“… You cannot sue us for libel, though we have exposed your characters, your secrets, and your private lives. Our protection lies in your unworldliness.”

(Mary and Elizabeth Durack. 1935. All-About: The story of a Black Community on Argyle Station, Kimberley. Sydney: The Bulletin)

The issue of Open Access has recently been brought to the attention of many language documenters. For example, ELDP, funded by Arcadia, recently announced an Open Access policy in its guidelines, and the same policy may eventually be applied to ELAR. But is Open Access relevant and appropriate for language documentation and its archiving?
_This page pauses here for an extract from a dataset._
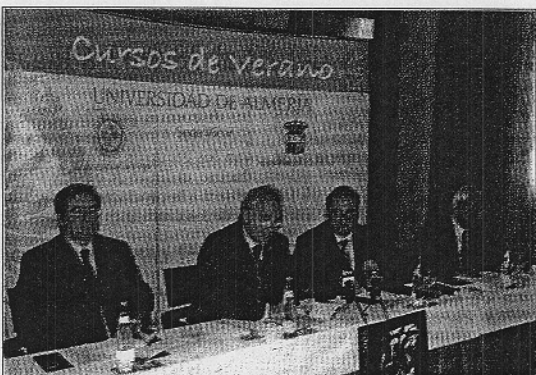
Presentación del curso de verano que se va a celebrar en Vúcar

Con respecto a los contenidos de los cursos que van a celebrarse en Vúcar, sus programas han sido desgranados por los coordinado-

I offer the following initial thoughts:

A conflation of genres. Open Access (OA) is a movement promoting the free availability of publicly-funded scholarly research, as a reaction to the commercial control exerted by established academic publishers (see Arcadia and Wikipedia on the topic). However, language documentation materials, as recordings and representations of the range of “the linguistic practices characteristic of a given speech community” (Himmelmann 1998) are neither scholarly research nor completely reducible to the data that informs that research. Documenters know that the most linguistically authentic resources – recordings of spontaneous language events in social contexts – often raise questions of privacy, safety, or of controversial or secret/sacred content. Every major archiving software implements access control mechanisms (eg DSpace, Fedora, as well as language archives such as ELAR, AILLA, DoBeS, ANLA, California Language Archive, Paradisec, MURA etc). The literature of our field abounds with over a decade of discussion of the need to “respect the speakers’ confidentiality, anonymity, and privacy” (Tsunoda 2002). And every substantive language archive publicly recognises in one way or another that access to some language documentation materials needs access management. Arcadia also acknowledges that OA is not applicable across-the-board: “Open Access is solely concerned with the literature that is intended for publication so research outputs that are classified or commercial-in-confidence are exempt from OA”.

OA aims in the wrong direction. Current research and practice in language documentation and archiving is towards more – not less – source community and individual control over resources which they originated. While such community control is only recently acknowledged by (some) language archives, it has been part of language documentation and fieldwork theory, practice and training for nearly 20 years. As far back as 1997, the Indigenous workshop “The bush Track Meets the Information Superhighway“, while clearly recognising the benefits of new media, stated that the issue “of greatest concern to all communities … was the lack of moral rights and intellectual property protection for Indigenous Australians”. The most recent thinking supports originating community and individual curation, representation, and access moderation of resources (see the forthcoming papers in D. Nathan and P. Austin (eds) Language Documentation and Description 12).

OA is but one perspective on access. First, we see the rapid rise of “as permissive as possible” Creative Commons licencing. This system takes a nuanced line between sharing on the one hand, and recognition of intellectual and distribution rights on the other, and has been innovatively applied to traditional knowledge including language. See also this legal discussion of the issues. Secondly, even more broadly, recent revelations about NSA and other agencies’ intrusions on individual privacy have highlighted sensitivities towards the ordinary person’s right to privacy. OA is not a fresh new idea; while it is a worthy reaction to commercialised monopoly by big publishers, it is inherent in the long-established idea of the public library and institutions such as 19th century workmen’s institutes (I am grateful to Tony Woodbury for this point). Personal control of an individual’s data and its usage are today’s new ideas.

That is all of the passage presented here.